Task directions
An exact copy of the data is required; the images should not appear in it.

(Stored items from a collection)
Content starts

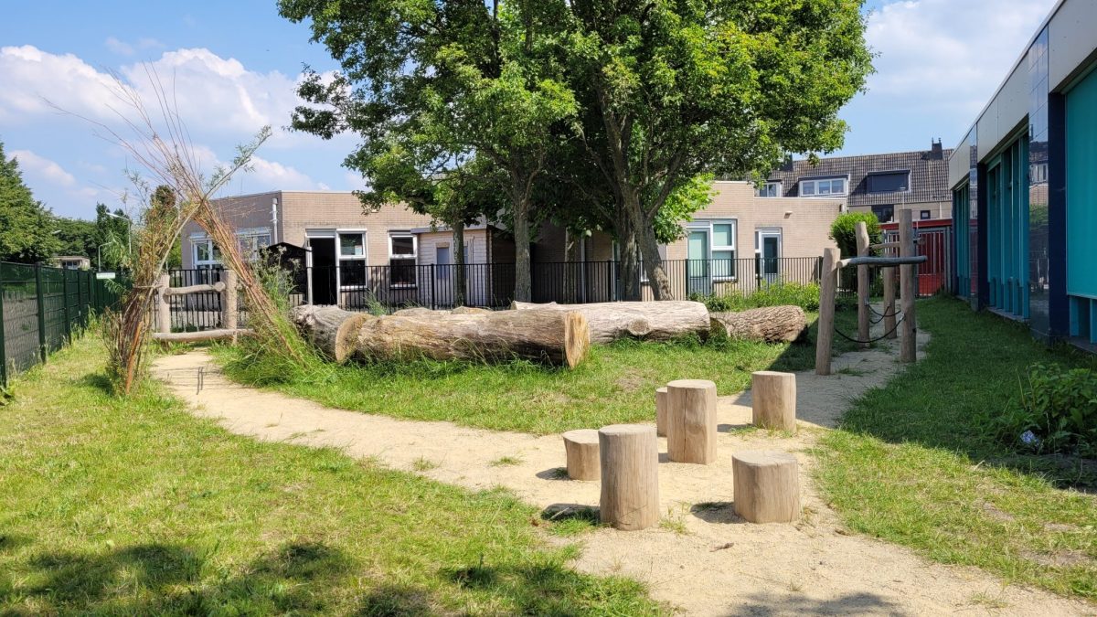 De wens van basisschool CBS Tabitha was de gehele buitenruimte een natuurlijke uitstraling te geven. De lange groenstrook aan de zijkant van de school was een gedeelte waar weinig gebruik van werd gemaakt. Ons ontwerp voor een slingerparcours sprak de school erg aan. Deze speelroute geeft een mooie uitdaging aan de kinderen door de evenwichtsbalken, stappaaltjes, speelkeien en wiebel loopbrug. Stichting Meer Primair heeft een budget vrij kunnen maken voor de aanpak van deze buitenruimte.
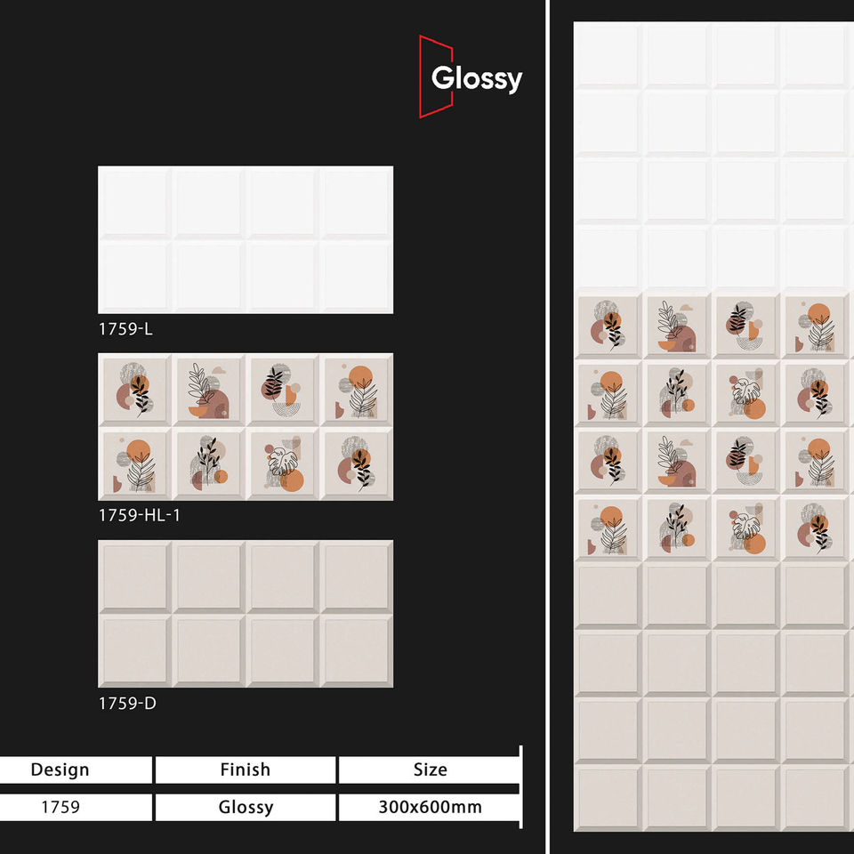 กระเบื้องบุผนังเซรามิกขนาด 300x600 มม. สำหรับห้องน้ำ ห้องครัว ผิวมันเงา/ด้าน ลายแกะสลักน้ำตาล ดีไซน์ตกแต่งผนังภายในสุดหรู
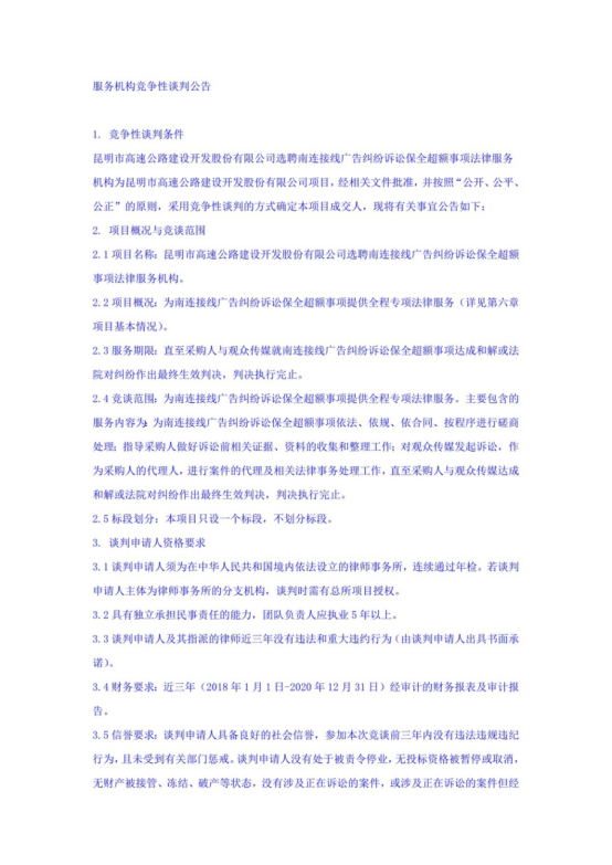 昆明市高速公路建设开发股份有限公司选聘南连接线广告纠纷诉讼保全超额事项法律服务机构竞争性谈判公告
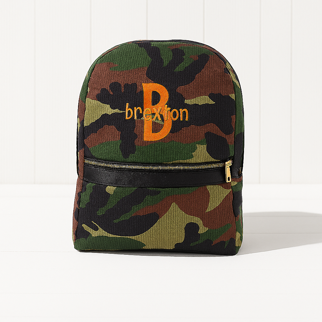 Monogrammed Camo Seersucker Medium Backpack
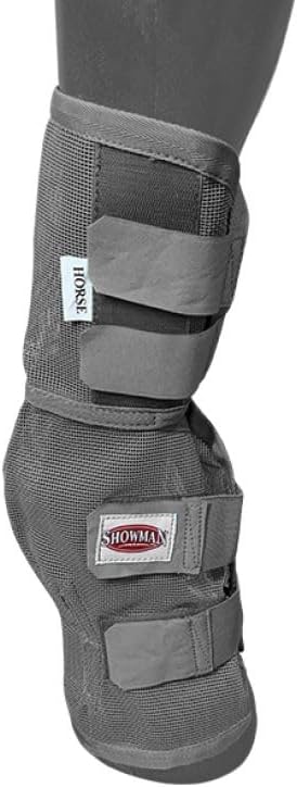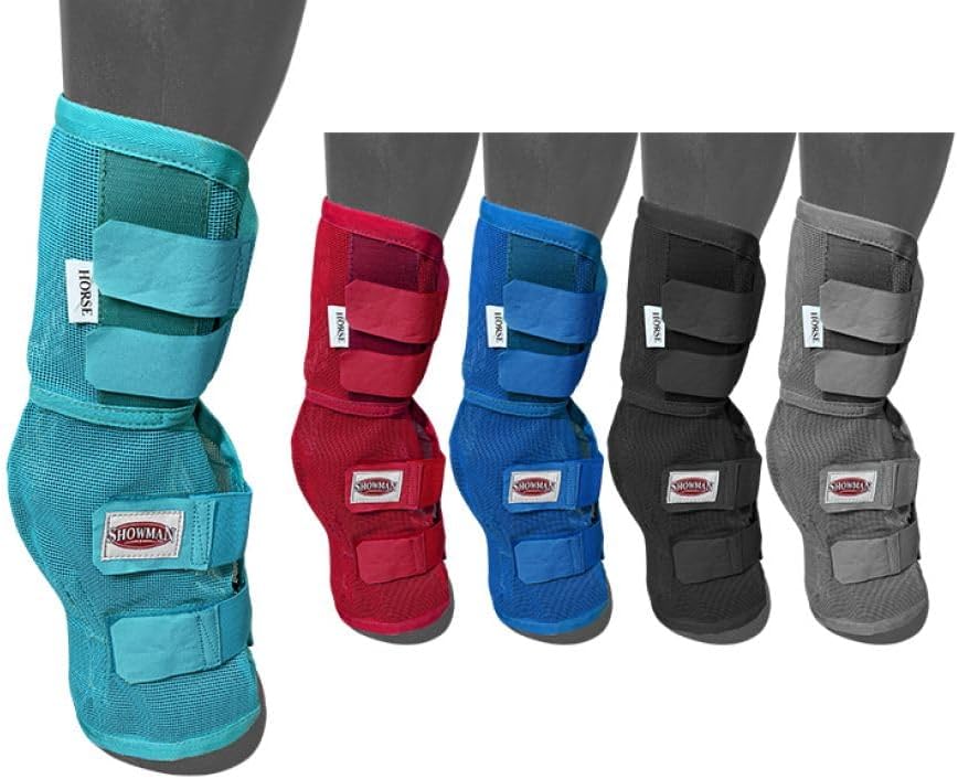 Showman Contoured Mesh Rip Resistant Fly Boots. These boots are made from heavy breathable mesh that will not rip and provides UV protection. The boot's contoured shape allows the boot to form to your horse’s leg reducing bulk and the flexible material allows the boot to move with your horse for greater flexibility. Boots feature velcro closures for easy attachment, fit and security. Sold in set of four (4). Available Sizes: Large, Average, Small/Cob & Pony. Available Colors: Teal, Red, Blue, Black & Gray. **NOTE: Securely fasten the velcro adjustments at and above the fetlock area. This will ensure the boots stay upright and in place all day long.**
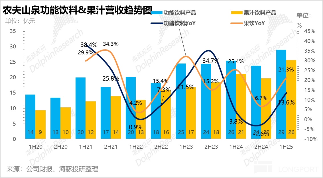 北京时间 8 月 26 日下午,农夫山泉(9633.HK)发布了 2025 年 H1 业绩,随着上半年舆论影响逐步消退,农夫重新加大了红瓶水的推广力度,并减少了绿瓶水的补贴,带动公司整体业绩全面回暖,超出市场预期,是一份不错的业绩。
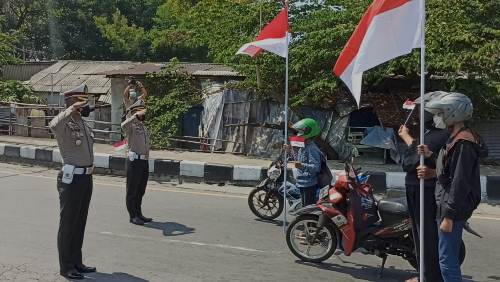 KAMPUNGBERITA.ID – Bertepatan dengan detik-detik Proklamasi di Hari Kemerdekaan RI ke-76 yang jatuh pada Selasa 17 Agustus 2021, sejumlah pengendara kendaraan bermotor yang melintas di Bundaran Dolog, Jl Ahmad Yani diminta berhenti sejenak.
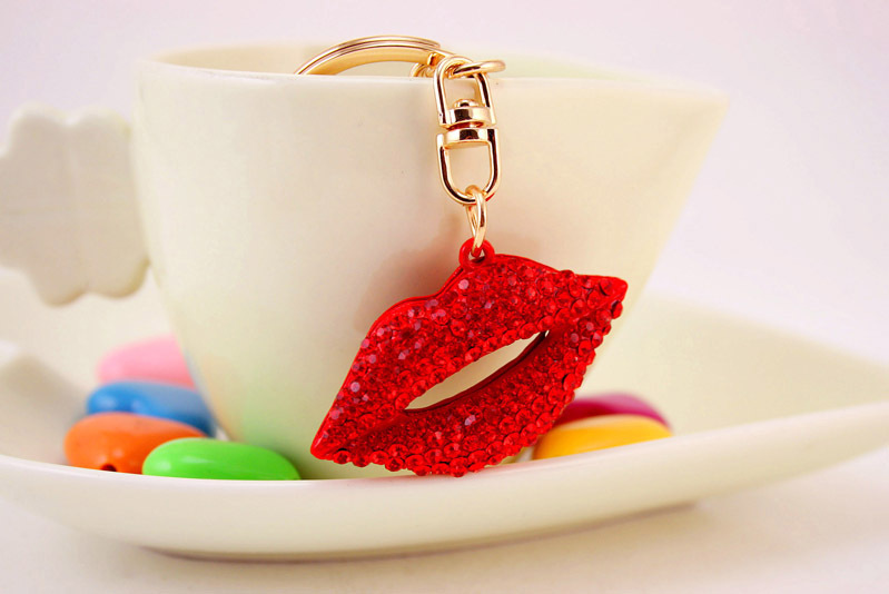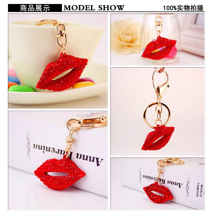 Details:Sparkling Diamante Rhinestone Red Lips Bag Charms Handbag Pendant Keyring Key Chain
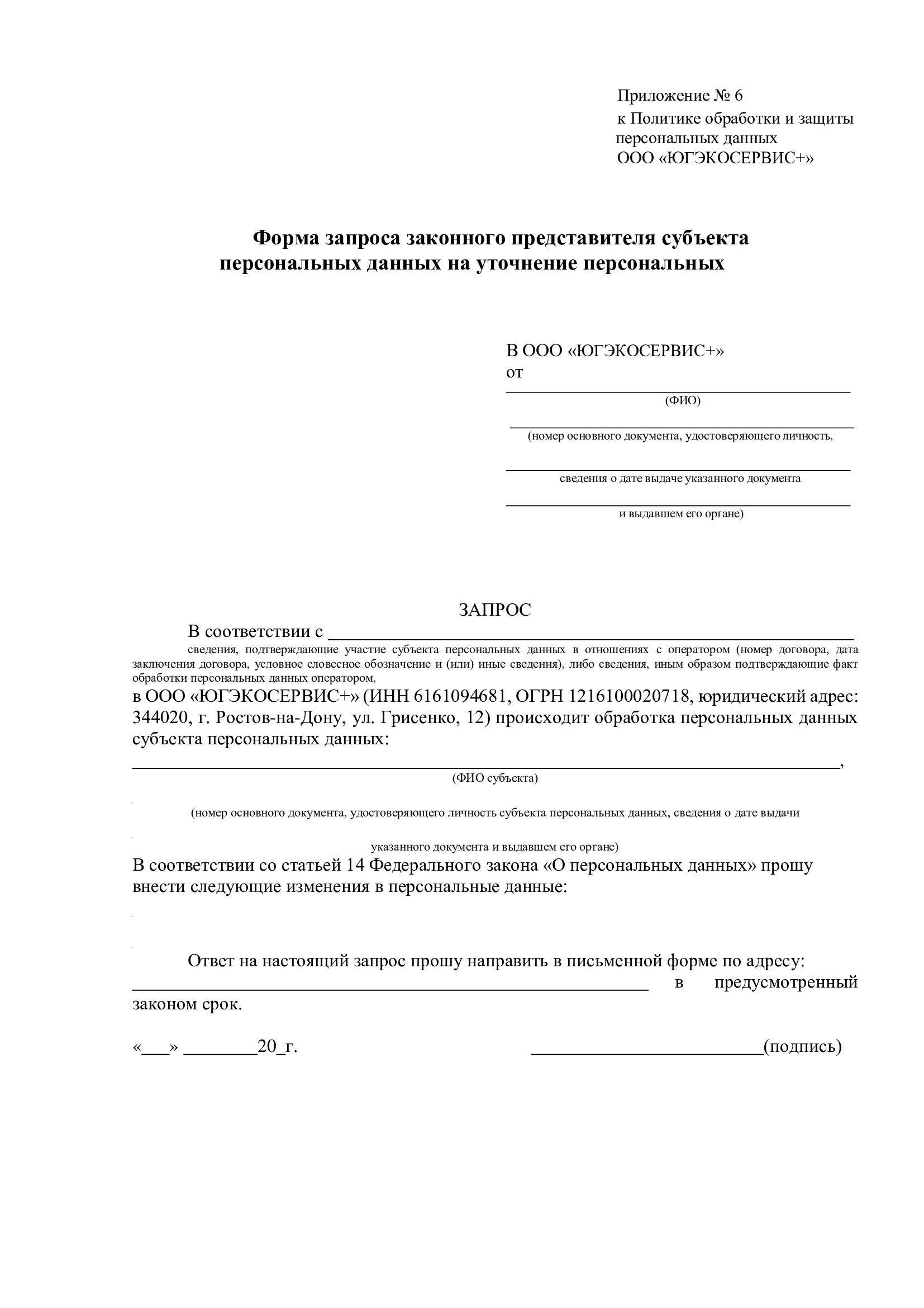 6.9. Для уточнения определенных персональных данных Субъекту (либо законному представителю) необходимо заполнить соответствующую форму запроса субъекта персональных данных на уточнение персональных данных (приложение 2 или 6) и передать лично работникам ООО «ЮГЭКОСЕРВИС+», принимающим обращения граждан, либо по почте.

Content ends

Exercise response
 De wens van basisschool CBS Tabitha was de gehele buitenruimte een natuurlijke uitstraling te geven. De lange groenstrook aan de zijkant van de school was een gedeelte waar weinig gebruik van werd gemaakt. Ons ontwerp voor een slingerparcours sprak de school erg aan. Deze speelroute geeft een mooie uitdaging aan de kinderen door de evenwichtsbalken, stappaaltjes, speelkeien en wiebel loopbrug. Stichting Meer Primair heeft een budget vrij kunnen maken voor de aanpak van deze buitenruimte.
 กระเบื้องบุผนังเซรามิกขนาด 300x600 มม. สำหรับห้องน้ำ ห้องครัว ผิวมันเงา/ด้าน ลายแกะสลักน้ำตาล ดีไซน์ตกแต่งผนังภายในสุดหรู
 昆明市高速公路建设开发股份有限公司选聘南连接线广告纠纷诉讼保全超额事项法律服务机构竞争性谈判公告
 Monogrammed Camo Seersucker Medium Backpack
 Showman Contoured Mesh Rip Resistant Fly Boots. These boots are made from heavy breathable mesh that will not rip and provides UV protection. The boot's contoured shape allows the boot to form to your horse’s leg reducing bulk and the flexible material allows the boot to move with your horse for greater flexibility. Boots feature velcro closures for easy attachment, fit and security. Sold in set of four (4). Available Sizes: Large, Average, Small/Cob & Pony. Available Colors: Teal, Red, Blue, Black & Gray. **NOTE: Securely fasten the velcro adjustments at and above the fetlock area. This will ensure the boots stay upright and in place all day long.**
 北京时间 8 月 26 日下午,农夫山泉(9633.HK)发布了 2025 年 H1 业绩,随着上半年舆论影响逐步消退,农夫重新加大了红瓶水的推广力度,并减少了绿瓶水的补贴,带动公司整体业绩全面回暖,超出市场预期,是一份不错的业绩。
 KAMPUNGBERITA.ID – Bertepatan dengan detik-detik Proklamasi di Hari Kemerdekaan RI ke-76 yang jatuh pada Selasa 17 Agustus 2021, sejumlah pengendara kendaraan bermotor yang melintas di Bundaran Dolog, Jl Ahmad Yani diminta berhenti sejenak.
 Details:Sparkling Diamante Rhinestone Red Lips Bag Charms Handbag Pendant Keyring Key Chain
 6.9. Для уточнения определенных персональных данных Субъекту (либо законному представителю) необходимо заполнить соответствующую форму запроса субъекта персональных данных на уточнение персональных данных (приложение 2 или 6) и передать лично работникам ООО «ЮГЭКОСЕРВИС+», принимающим обращения граждан, либо по почте.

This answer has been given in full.